I shot her a look. ‘She’s not Jewish.’
‘I can tell that,’ said Marsha. ‘Look at her lovely nose!’
Now I shot her a look. ‘It’s no better than ours.’
‘I think it is.’
‘It is,’ agreed her sister.
Now I was really annoyed. ‘How can you be so self-loathing and yet want to parade around your Shabbat for her?’
‘Maybe we want her to parade around our Shabbat, liven it up.’
‘It’s lively!’
‘It’s beautiful, you should come.’
‘I’d love to come!’ she said again. ‘Can I bring him?’
I knew our fight was over (even though she’d shown up here to tell me we were golden again) when she asked if she could bring me to the crappy Shabbat, I knew we were back on. I didn’t want to go, though.
‘If you have to.’
And they each poked me in the ribs, the sisters, then Jasmine joined in and poked my ribs too, forgetting entirely how it was we met and how I’d only recently been clutching them with moaning pain. I couldn’t figure out if I was still elated or just annoyed now, but that’s all good practice for life. Most of what Jasmine put me through – most of what she took me through – was practice for life.

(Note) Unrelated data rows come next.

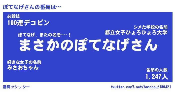 | 意味不明あだ名 | 『ペロリンぽてなげ』『永久保存ぽてなげ』 |
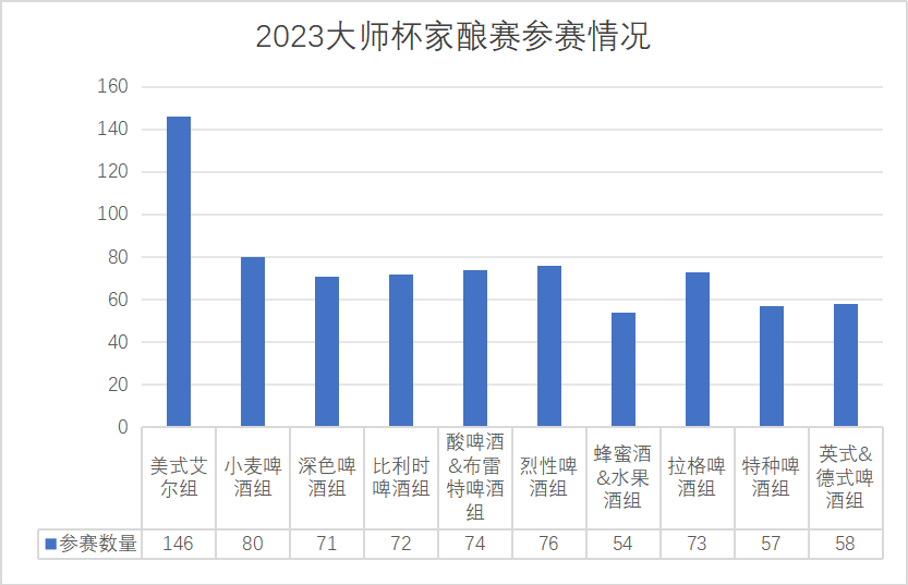 2023大师杯共收到761款家酿作品,除美式艾尔组别的数量相对其他分组较多,其余九个分组的参赛作品数量都在一个相近的数量之间;相比于往年的家酿参赛情况来看,以往冷门组别(冷门风格)参赛数量与热门组别差距较大,今年的转变我认为有以下几点推论:1.参赛选手更加了解大师杯的赛制,相较于热门分组,冷门分组由于参赛作品较少,竞争相对来说也更小,转战冷门风格有希望能够获得更好的名次。2.随着精酿啤酒的普及,家酿参赛选手能够更加容易获得酿造知识与技术(对酿造风格的把控,对于酿造原料的选择,对于冷门风格的了解,对于酿造工艺的执行),因此,以往非常少见的冷门风格,对于目前的家酿爱好者能够更加容易的接触到,酿造冷门风格的可能性也大大增加。3.目前市场上,酿造原材料的普及,能够让更多的家酿爱好者买到自己心仪的酿酒原材料。本届职业酿造组参赛特征
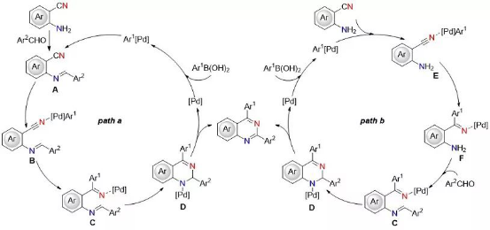 基于以上实验结果,作者提出了该反应可能经历的两条路径:(1)path a:首先芳基硼酸与钯催化剂通过转移金属化形成芳基钯物种,邻氨基苯甲腈与苯甲醛脱水缩合生成中间体A;然后A与金属钯配位形成中间体B,B再与芳基钯物种发生加成反应形成中间体C。(2)path b:芳基硼酸与钯催化剂先通过转移金属化形成芳基钯物种,然后与邻氨基苯甲腈中的氰基进行配位形成中间体E;接着芳基钯物种对氰基进行加成得到中间体F,F中的氨基再与芳香醛脱水缩合得到中间体C。最后,C经过分子内环合得到钯化合物D,再经过β-H消除得到目标产物喹唑啉衍生物。
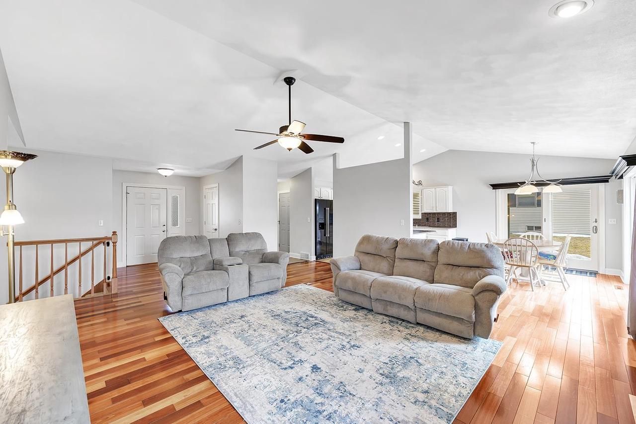 Beautifully maintained ranch home on .33 landscaped acres located on a quiet dead end street close to schools. Open concept listing room w/gleaming hardwood floor, vaulted ceiling & cozy fireplace. Applianced kitchen offers an abundance of staggered top raised panel cabinets, granite countertop, custom tin tile look backsplash & tile floor. Adjoining dining area w/double glass doors to covered & open patio. 1st floor laundry w/utility sink & folding counter + W&D included. Primary bedroom w/crown molding, walk-in closet & private bath. Full LL w/finished family room, 4th bedroom & full bath. Updates incl: roof, siding, furnace, water heater & More! 3+ Car attached garage w/direct basement access. Edge of town location w/close highway access. Assumable mortgage to qualified buyers
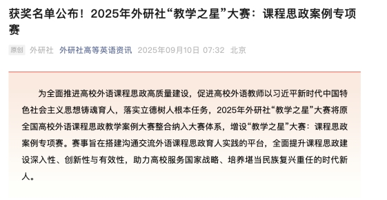 在9月10日揭晓的2025年全国高校外语课程思政教学案例大赛中,英语学院教师凭借卓越的教学实力与深厚的思政底蕴,以65项获奖总数再创历史新高——其中包括特等奖2项、一等奖4项的亮眼成绩。这成绩不仅是对我院外语教学质量与课程思政建设工作的高度认可,更是全体师生同心同向、锐意进取的奋斗结晶,充分彰显了英语学院在课程思政育人实践中的硬核实力与创新活力。

‘You are a handsome boy, though,’ said Marsha, at this point so fungal she was practically floating in a soup of carrots and legumes.
‘He is!’ agreed Jasmine. Clearly she was in the mood to agree with anything they said. ‘He looks like Montgomery Clift, don’t you think?’
‘No, I don’t think so,’ said Marsha.
‘I can see it,’ chimed Edna, delighted.
‘I can’t,’ her sister insisted.
‘I see it,’ said Jasmine, the final word. ‘And I’m his Elizabeth Taylor.’
‘She converted!’ said Edna.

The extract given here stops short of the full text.